Trimming a problem

Tin whiskers have been a problem for this industry since the introduction of lead-free solders, but techniques for eliminating them have proven elusive. As research hunt for a universal solution, they’re continually finding new techniques that reduce the chances that these vexing growths will cause problems in the field.

For example, the United Kingdom’s National Physical Laboratory has spent three years studying the mitigation effects of conformal coatings on the formation of tin whiskers. A technique using specially electroplated, interdigitated discs has been developed and a range of 20 different acrylic, polyurethane, silicone and urethane acrylate coatings have been evaluated.

All the coatings were shown to inhibit the formation of whiskers but only a limited number have provided protection over longer timescales. The results will be described next month at the IPC Tin Whiskers Conference in Fort Worth, Texas April 18-19. NPL’s Martin Wickham will also present details on a parallel project evaluating the level of whiskering on commercial components as well as a new project using a PCB assembly to evaluate conformal coating and assembly process mitigation.
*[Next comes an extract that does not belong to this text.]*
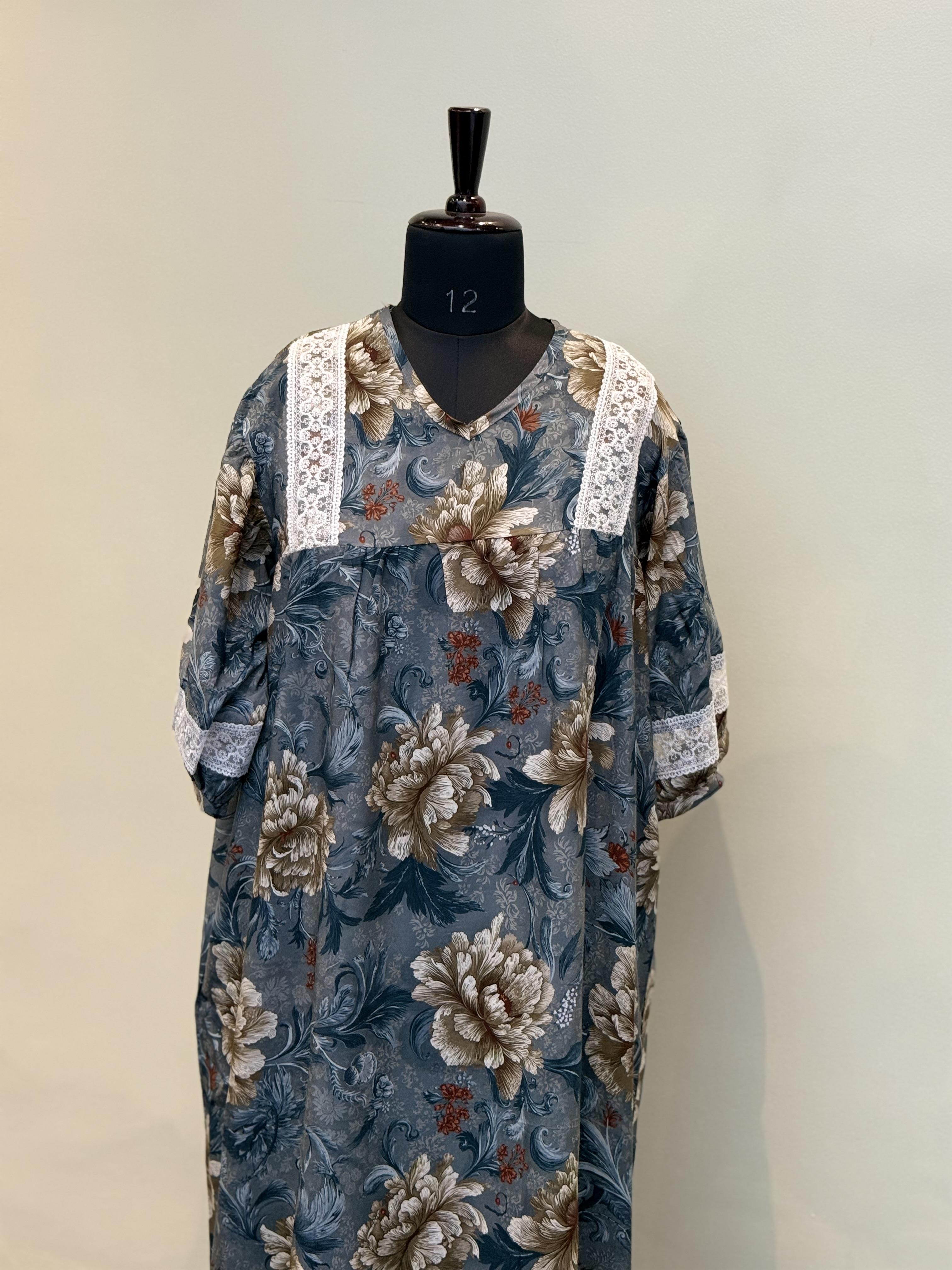 This stylish maxi is designed for comfort and effortless elegance. The loose flowing silhouette provides ease of movement, while the balloon sleeve design adds a fashionable and graceful touch to the overall look.
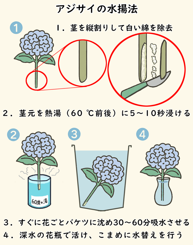 - 湯揚げ:切り口を熱湯に数十秒→直ちに常温水へ。導管の気塞を抜く。

That’s just one of several leading edge presentations that will be made at the Tin Whiskers Conference, which is being sponsored by a company that’s done a lot of work in tin whisker mitigation, Lockheed Martin Corp. Well-known researchers in this field, including Dave Hillman of Rockwell Collins and David Pinsky from Raytheon, will describe their latest advances.

Tin whiskers expert from Bosch Automotive Dr. Werner Huegel will describe techniques used in this high volume, high reliability market. Advances made in medical products will be described by Philips Healthcare.

Two experts from Lockheed, Linda Woody from Missile & Fire Control and Steven J. Betza, corporate director for electronics engineering and packaging, will describe their solutions. University researchers from the University of Maryland’s CALCE and the University of North Texas will discuss their research projects.

If that’s not enough, the two-day conference will be preceded by a day of workshops. Two sessions will provide nitty gritty information. With this lineup, it’s pretty much impossible not to glean several tidbits that will help even the most experienced technologists create more reliable circuit boards.